Only a verbatim restatement of the lines from the one with "Deep neural networks have" through the end of the listing below is wanted. Pictures should be left out.

***** INFORMATION PROVIDED

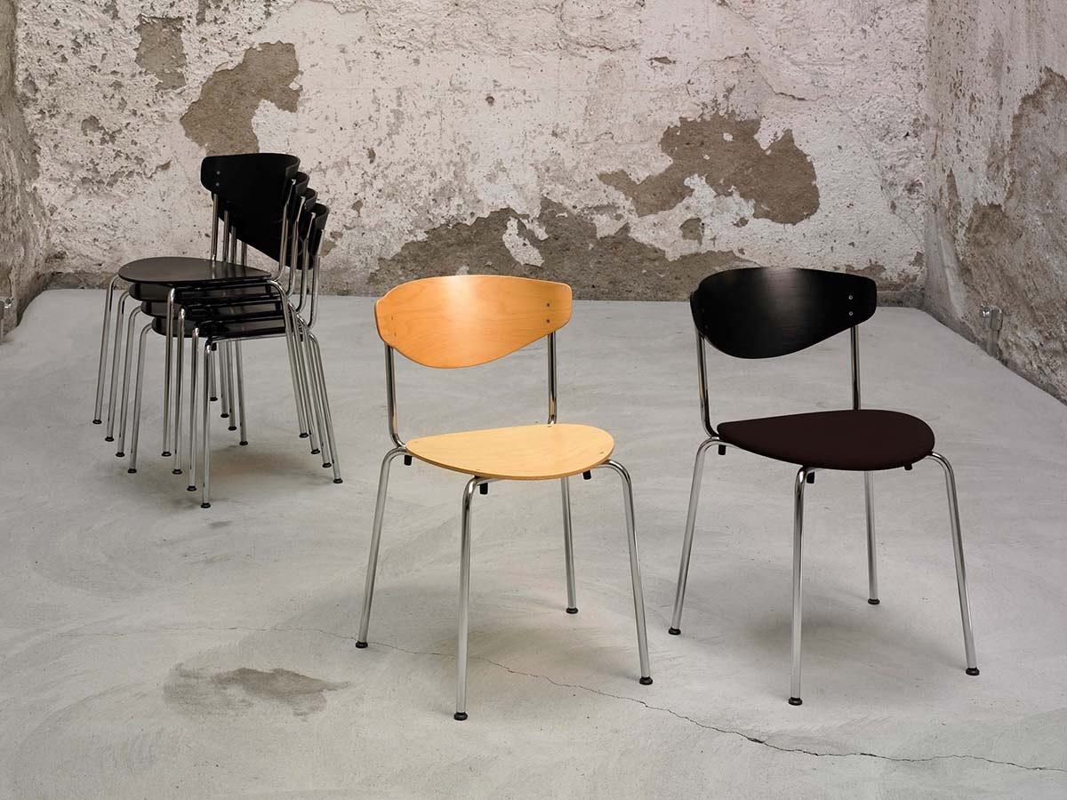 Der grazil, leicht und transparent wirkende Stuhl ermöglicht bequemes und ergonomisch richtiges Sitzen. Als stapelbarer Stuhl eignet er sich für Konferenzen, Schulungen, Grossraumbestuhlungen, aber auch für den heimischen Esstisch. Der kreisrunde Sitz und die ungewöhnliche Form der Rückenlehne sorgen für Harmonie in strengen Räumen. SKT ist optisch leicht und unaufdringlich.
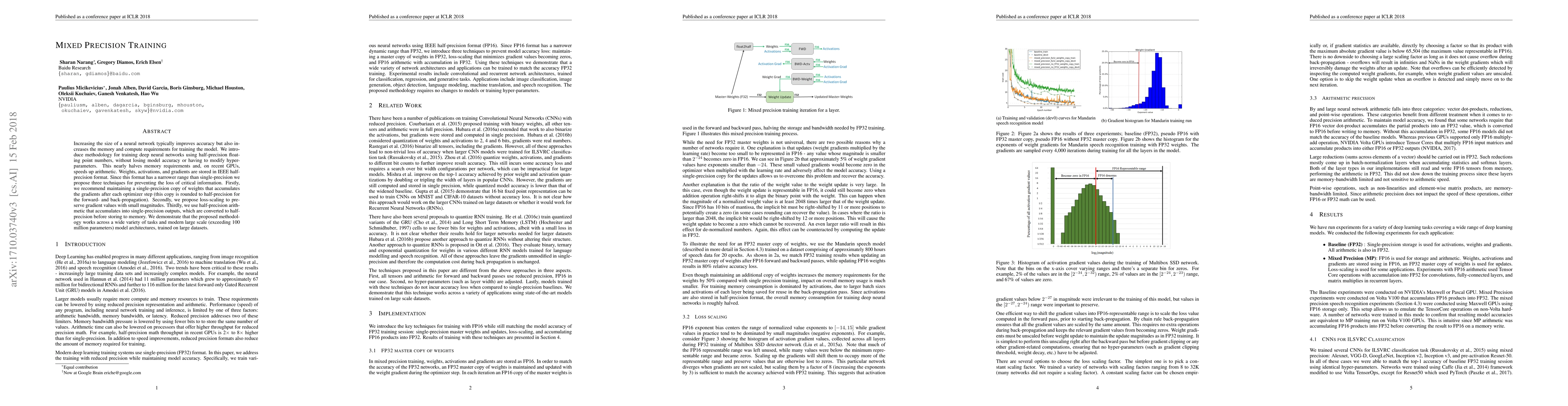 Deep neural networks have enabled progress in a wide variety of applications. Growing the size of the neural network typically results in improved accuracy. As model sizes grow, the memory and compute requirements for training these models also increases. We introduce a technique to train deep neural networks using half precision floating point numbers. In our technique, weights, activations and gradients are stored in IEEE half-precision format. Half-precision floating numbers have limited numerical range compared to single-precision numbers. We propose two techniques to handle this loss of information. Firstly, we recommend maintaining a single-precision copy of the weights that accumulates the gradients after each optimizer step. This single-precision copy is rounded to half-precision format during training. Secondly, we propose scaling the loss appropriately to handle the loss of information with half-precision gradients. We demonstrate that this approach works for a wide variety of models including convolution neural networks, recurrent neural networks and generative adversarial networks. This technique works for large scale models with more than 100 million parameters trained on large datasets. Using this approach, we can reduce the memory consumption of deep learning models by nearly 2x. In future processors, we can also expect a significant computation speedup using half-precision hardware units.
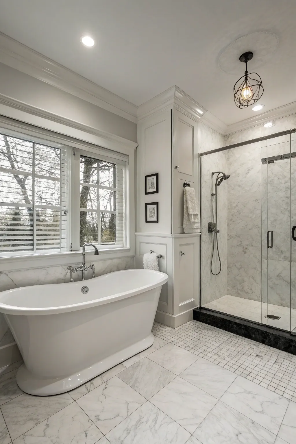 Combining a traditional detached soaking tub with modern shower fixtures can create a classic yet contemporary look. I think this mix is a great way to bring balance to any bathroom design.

**********

> ANSWER TO THIS TASK
 Deep neural networks have enabled progress in a wide variety of applications. Growing the size of the neural network typically results in improved accuracy. As model sizes grow, the memory and compute requirements for training these models also increases. We introduce a technique to train deep neural networks using half precision floating point numbers. In our technique, weights, activations and gradients are stored in IEEE half-precision format. Half-precision floating numbers have limited numerical range compared to single-precision numbers. We propose two techniques to handle this loss of information. Firstly, we recommend maintaining a single-precision copy of the weights that accumulates the gradients after each optimizer step. This single-precision copy is rounded to half-precision format during training. Secondly, we propose scaling the loss appropriately to handle the loss of information with half-precision gradients. We demonstrate that this approach works for a wide variety of models including convolution neural networks, recurrent neural networks and generative adversarial networks. This technique works for large scale models with more than 100 million parameters trained on large datasets. Using this approach, we can reduce the memory consumption of deep learning models by nearly 2x. In future processors, we can also expect a significant computation speedup using half-precision hardware units.
 Combining a traditional detached soaking tub with modern shower fixtures can create a classic yet contemporary look. I think this mix is a great way to bring balance to any bathroom design.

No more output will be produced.